I’d been on the same drug regimen for about ten years but wanted to try reducing my chief antipsychotic medication. I’d led a balanced life on that treatment plan, never wavering up or down more than the average person. However, I was fed up with unwanted smallish side effects that continued to nag me and needed to find out if I could eradicate them. Foolhardy, I know, but I was willing to take the risk and accept any repercussions that ensued.

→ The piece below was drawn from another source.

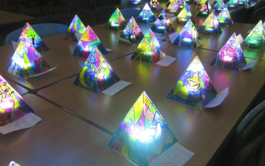 本日7時間目、J2Bは美術の時間に、ステンドグラスの作成を行いました。 生徒たちは、昨年秋頃からステンドグラスの作成に取り組んできました。カッターを慎重に使い、それぞれが目指す完成形に近づくことができるよう、作業を行
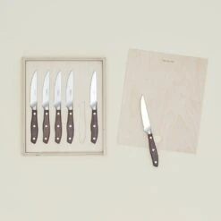 - Serrated 6 piece steak knife set with a beautiful birchwood case

Side effects had always been a reasonable trade-off for living life on an even keel but as I approached almost a decade illness-free, I felt there must be a better arrangement: one with fewer side effects. Unfortunately, many of those with bipolar disorder have faced this dilemma at some point in their journey with psychotropic drugs, especially antipsychotics. Shocking, that after being on antipsychotics for thirty-one years, the choice is often still between stability—with some nasty side effects like weight gain or sexual dysfunction—or mood swings. Had there been no progress in all that time? I wanted to laugh more often and feel less numb, fed up feeling as flat as the wheatfields of Saskatchewan or like I was only ever half-there. No one wants to live that way; merely existing. Was this asking too much?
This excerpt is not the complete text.